Considering Lodge Ownership in the Yukon?
Work six month and relax the other six months in Mexico!
That"s possible with this investment!
Located on the north bank of the Rancheria River is the Continental Divide Lodge. The R.V. Park is in excellent shape and offers 44 RV sites, ranging from no services to sites with water, 15 and 30 amp power, sewer, TV, and the Internet hook up.
The Motel was prebuilt in Calgary and transported to the Yukon in 2000; it consists of 8 spacious rooms and also contains a laundry room.
The Pub is approximately 1200 square feet and seats about 20 people. The Pub equipped with coolers, serving equipment, a big screen TV and a stereo. Everything to make your guests visit as comfortable and enjoy it to the best as it can be.
The restaurant has a warm and colorful atmosphere and has a wood burning stove. It is approximately 1200 square feet and licensed to seat 40 people.
Next, there is a combination of 3 portable trailers, one being the manager’s suit.
It contains an office, bathroom, and bedroom. The second trailer is the public washroom with showers for the R.V, Park guests.
The third trailer is a public laundry room with a mechanical room.

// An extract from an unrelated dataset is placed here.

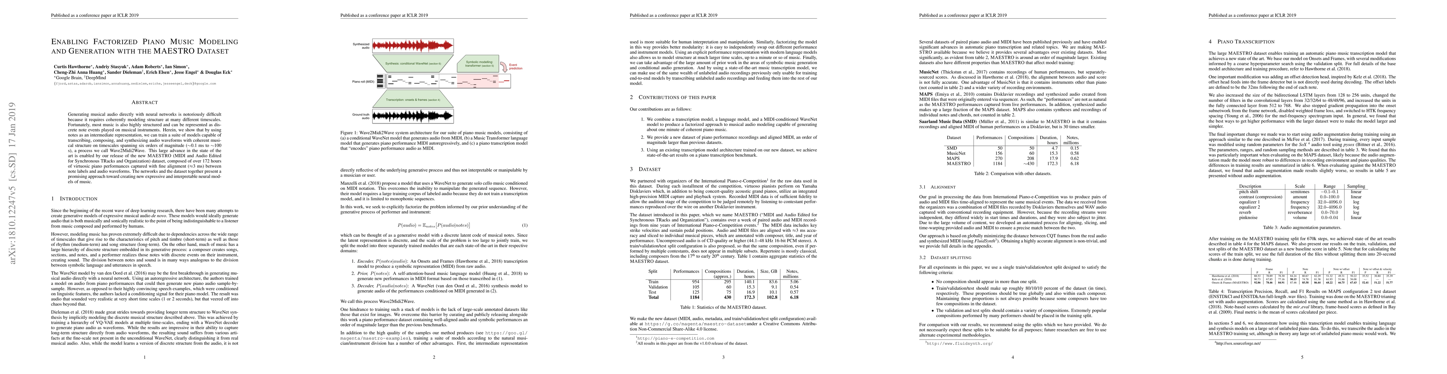 Generating musical audio directly with neural networks is notoriously difficult because it requires coherently modeling structure at many different timescales. Fortunately, most music is also highly structured and can be represented as discrete note events played on musical instruments. Herein, we show that by using notes as an intermediate representation, we can train a suite of models capable of transcribing, composing, and synthesizing audio waveforms with coherent musical structure on timescales spanning six orders of magnitude (~0.1 ms to ~100 s), a process we call Wave2Midi2Wave. This large advance in the state of the art is enabled by our release of the new MAESTRO (MIDI and Audio Edited for Synchronous TRacks and Organization) dataset, composed of over 172 hours of virtuosic piano performances captured with fine alignment (~3 ms) between note labels and audio waveforms. The networks and the dataset together present a promising approach toward creating new expressive and interpretable neural models of music.

The main log building is approximately 5000 square feet and used for a garage, shop, and storage for kitchen supplies.
As this property is remote and away from any infrastructure, it generates its very own electricity with one of three modern diesel generators.
In 2002 there was a new septic system installed in the R.V. Park, Motel, public laundry, washrooms, and managers suit. This system is big enough for a much more major operation.
The Seller will consider another property as a down payment and may carry some financing!
Located on the upper Rancheria River, less than a mile from the divide between the Mackenzie and Yukon River systems.
90 Miles from Watson Lake and 200 Miles to Whitehorse
From Prince George in Northern BC, the Alaska Highway (Highway 97) stretches north to Watson Lake and the British Columbia-Yukon border, including Dawson Creek, Fort Nelson, and Monkman, Stone Mountain, Muncho Lake, and Liard River Hotsprings Provincial Parks.
The highway is one of Canada's most memorable driving routes to explore. This route that is as scenic as you can dream of is filled with wilderness beauty and roaming wildlife. At any given moment, on any given day, the local wildlife may appear on the side of the road.
Some of the wildlife seen along the route include deer, caribou, bears, wolves, moose and more. The entire course includes trips through deep valleys, over mountains, around lakes and over hundreds of rivers and creeks.
There are over 100 major bridges and over 8000 culverts located along the historic route. Pink Mountain at "Mile 143" is one of the highest points along the BC section of the Alaska Highway.
The highest point is Summit Lake located along one of the most scenic parts of the Alaska Highway from Fort Nelson, BC to Watson Lake, Yukon.
Whitehorse, the capital of Canada’s Yukon Territory, is a major stopover point along the Alaska Highway. From historical sites, to live entertainment and beautiful scenery, Whitehorse is a must stop on your vacation. The 20 hours of daily summer sunshine allow you plenty of time to enjoy yourself.
Whitehorse is laid out on a level river shelf of land bordering a full bend on the Yukon River. The town is 1471 kilometres/914 miles northwest of Dawson Creek, British Columbia; 980 kilometres/609 miles from Fairbanks; and 1165 kilometres/724 miles from Anchorage.
Over half of the Yukon’s residents live in Whitehorse. The town has a year-round population of approximately 30,000.
PROPERTY Facebook WEBSITE:
Septic System, Phone, Electricity (diesel generator)
ABOUT THE SEPTIC:
New septic system installed in 2002
MORE INFO ABOUT THE YUKON:
In 1942, the Canadian and US Governments teamed up together to construct a transportation and military route connecting Alaska with the rest of the USA. A move that came about because of the bombing of Pearl Harbour in 1941 forcing both countries to tighten up their North American borders from future attacks by the Japanese.
Because of the harsh wilderness country, the construction of the massive transportation route was no easy task. It took over seven regiments of American engineers 11,000 men, 16,000 Canadians and American civilians and over 7000 pieces of equipment to successfully carve a route through some of Canada's toughest terrain exposed to some of the harshest elements.
On November 20th, 1942 both governments met at Soldier's Summit located at "Mile 1061" on the Alaska Hwy to cut a ribbon officially opening the highway.